### WHAT IS EXPECTED
Drop all images. Then write out each line below exactly as given.

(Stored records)
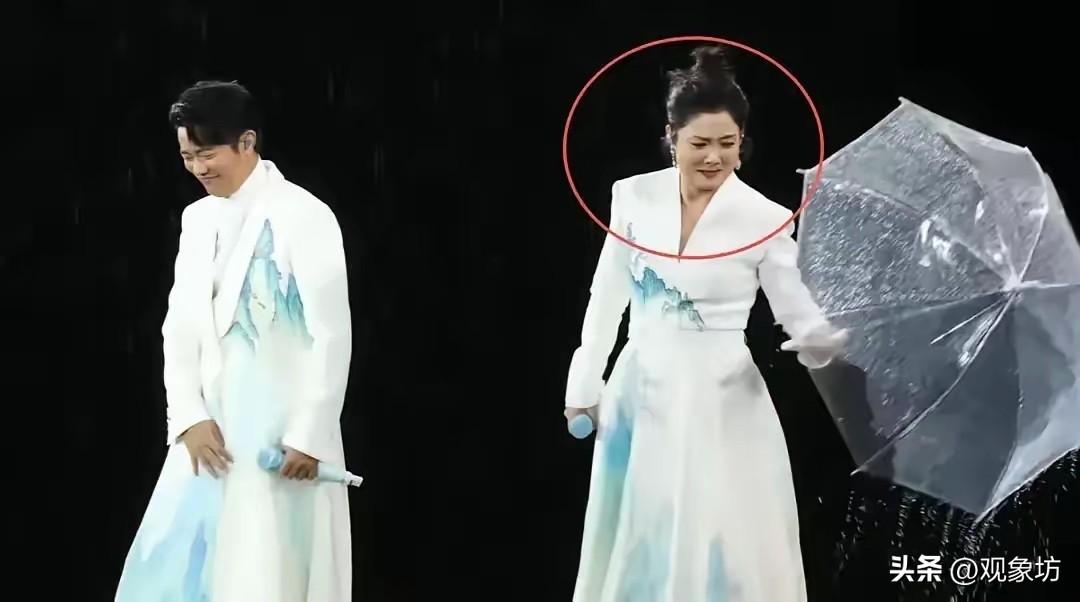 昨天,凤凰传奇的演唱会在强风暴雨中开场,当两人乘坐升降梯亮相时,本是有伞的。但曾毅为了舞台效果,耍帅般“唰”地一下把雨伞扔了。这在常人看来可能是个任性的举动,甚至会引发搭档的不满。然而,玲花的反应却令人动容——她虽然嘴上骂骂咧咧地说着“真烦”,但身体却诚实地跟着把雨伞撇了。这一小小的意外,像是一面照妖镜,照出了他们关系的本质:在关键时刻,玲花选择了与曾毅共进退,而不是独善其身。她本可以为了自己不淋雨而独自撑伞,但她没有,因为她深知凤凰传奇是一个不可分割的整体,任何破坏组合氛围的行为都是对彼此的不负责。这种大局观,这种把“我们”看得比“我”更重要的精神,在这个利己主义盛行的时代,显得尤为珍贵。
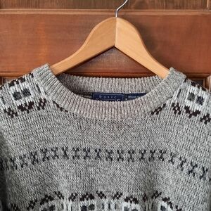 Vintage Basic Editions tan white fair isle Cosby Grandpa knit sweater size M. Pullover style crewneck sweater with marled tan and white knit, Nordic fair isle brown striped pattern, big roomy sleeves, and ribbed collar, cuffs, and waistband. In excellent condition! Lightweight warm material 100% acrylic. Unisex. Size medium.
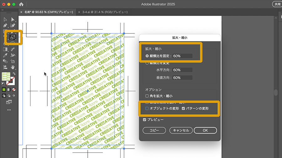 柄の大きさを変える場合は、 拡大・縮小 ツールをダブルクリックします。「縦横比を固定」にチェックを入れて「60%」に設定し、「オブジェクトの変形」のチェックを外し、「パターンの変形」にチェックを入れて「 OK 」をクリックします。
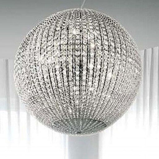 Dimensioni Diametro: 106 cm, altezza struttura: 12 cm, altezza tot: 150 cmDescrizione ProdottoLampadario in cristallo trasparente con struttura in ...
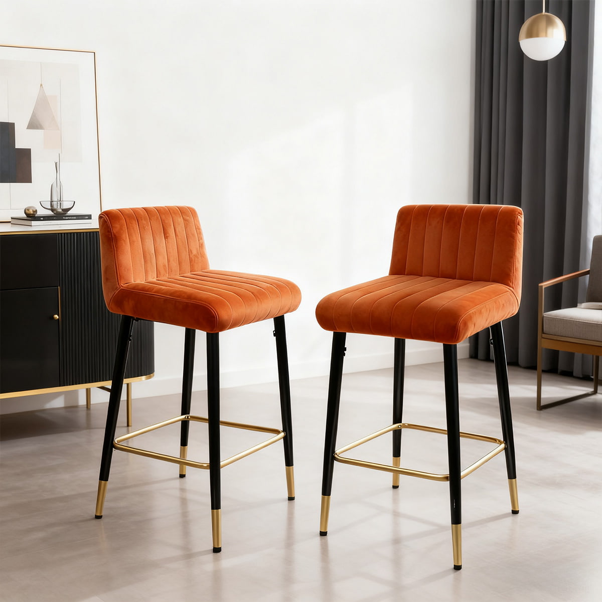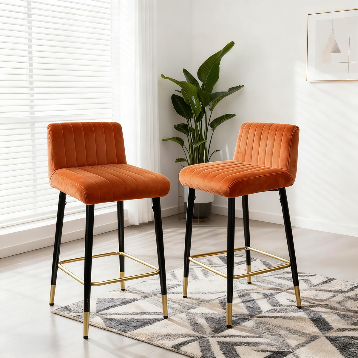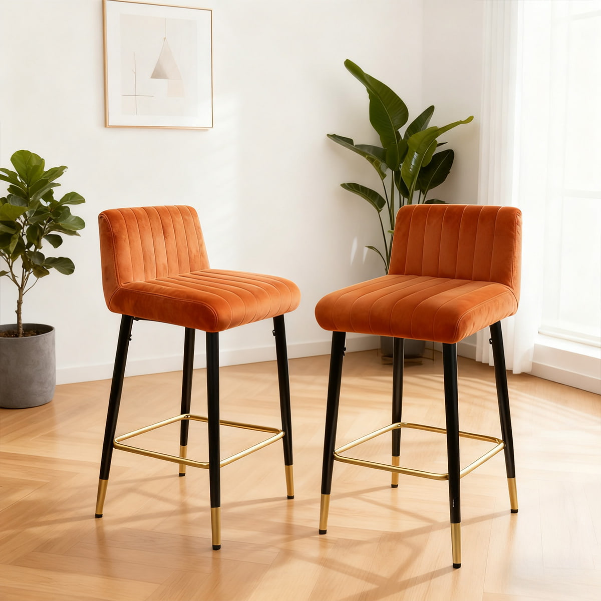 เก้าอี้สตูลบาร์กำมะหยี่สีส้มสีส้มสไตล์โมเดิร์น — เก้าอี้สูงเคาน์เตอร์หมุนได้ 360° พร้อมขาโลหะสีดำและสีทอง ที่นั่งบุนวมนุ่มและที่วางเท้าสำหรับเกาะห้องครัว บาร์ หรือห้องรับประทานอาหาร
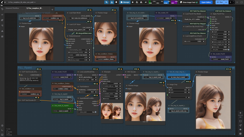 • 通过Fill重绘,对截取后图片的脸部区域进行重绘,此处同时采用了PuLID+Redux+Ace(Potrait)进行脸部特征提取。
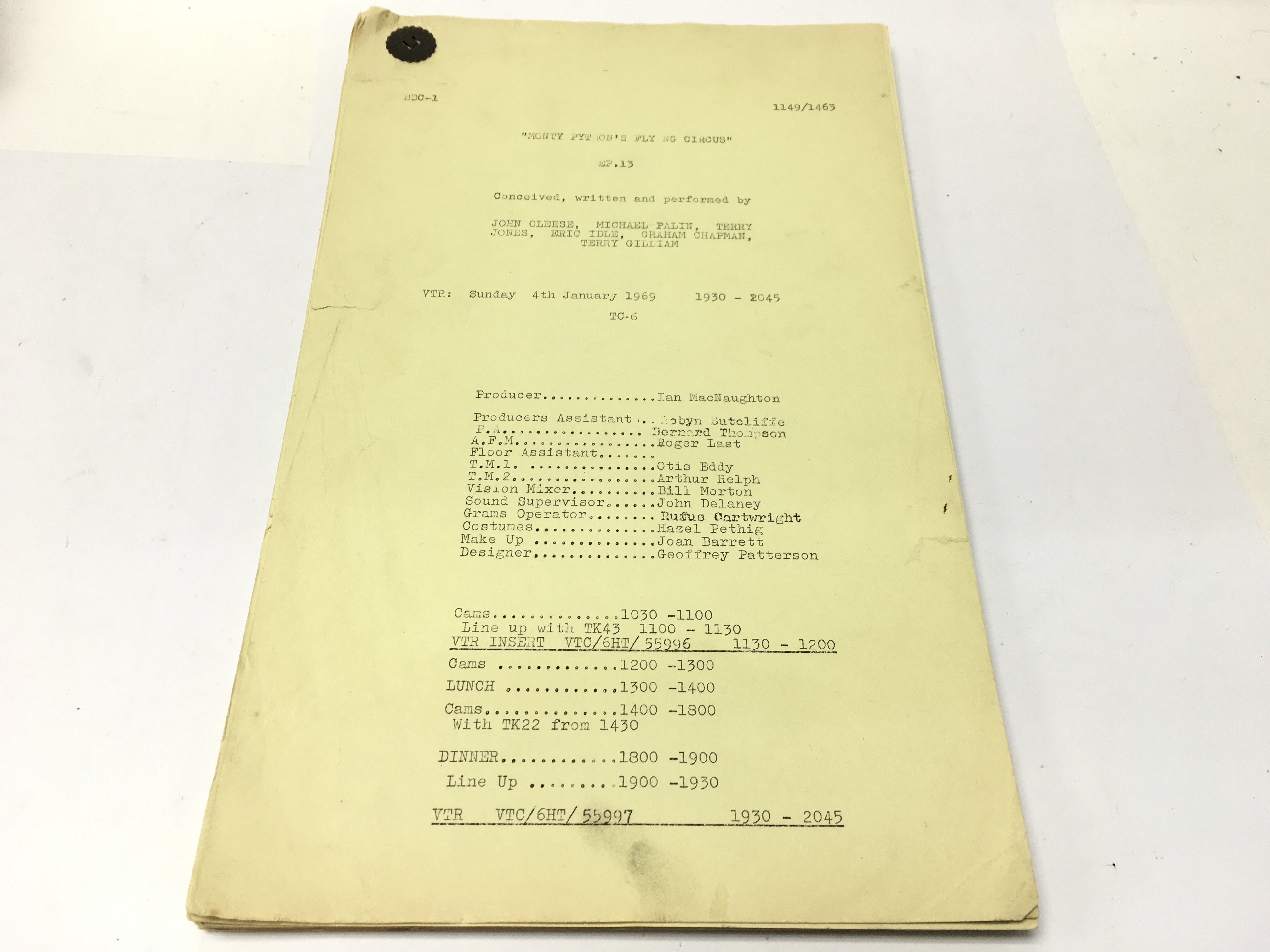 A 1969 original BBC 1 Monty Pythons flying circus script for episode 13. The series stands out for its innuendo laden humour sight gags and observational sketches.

### RESULT
 昨天,凤凰传奇的演唱会在强风暴雨中开场,当两人乘坐升降梯亮相时,本是有伞的。但曾毅为了舞台效果,耍帅般“唰”地一下把雨伞扔了。这在常人看来可能是个任性的举动,甚至会引发搭档的不满。然而,玲花的反应却令人动容——她虽然嘴上骂骂咧咧地说着“真烦”,但身体却诚实地跟着把雨伞撇了。这一小小的意外,像是一面照妖镜,照出了他们关系的本质:在关键时刻,玲花选择了与曾毅共进退,而不是独善其身。她本可以为了自己不淋雨而独自撑伞,但她没有,因为她深知凤凰传奇是一个不可分割的整体,任何破坏组合氛围的行为都是对彼此的不负责。这种大局观,这种把“我们”看得比“我”更重要的精神,在这个利己主义盛行的时代,显得尤为珍贵。
 Vintage Basic Editions tan white fair isle Cosby Grandpa knit sweater size M. Pullover style crewneck sweater with marled tan and white knit, Nordic fair isle brown striped pattern, big roomy sleeves, and ribbed collar, cuffs, and waistband. In excellent condition! Lightweight warm material 100% acrylic. Unisex. Size medium.
 柄の大きさを変える場合は、 拡大・縮小 ツールをダブルクリックします。「縦横比を固定」にチェックを入れて「60%」に設定し、「オブジェクトの変形」のチェックを外し、「パターンの変形」にチェックを入れて「 OK 」をクリックします。
 Dimensioni Diametro: 106 cm, altezza struttura: 12 cm, altezza tot: 150 cmDescrizione ProdottoLampadario in cristallo trasparente con struttura in ...
 เก้าอี้สตูลบาร์กำมะหยี่สีส้มสีส้มสไตล์โมเดิร์น — เก้าอี้สูงเคาน์เตอร์หมุนได้ 360° พร้อมขาโลหะสีดำและสีทอง ที่นั่งบุนวมนุ่มและที่วางเท้าสำหรับเกาะห้องครัว บาร์ หรือห้องรับประทานอาหาร
 • 通过Fill重绘,对截取后图片的脸部区域进行重绘,此处同时采用了PuLID+Redux+Ace(Potrait)进行脸部特征提取。
 A 1969 original BBC 1 Monty Pythons flying circus script for episode 13. The series stands out for its innuendo laden humour sight gags and observational sketches.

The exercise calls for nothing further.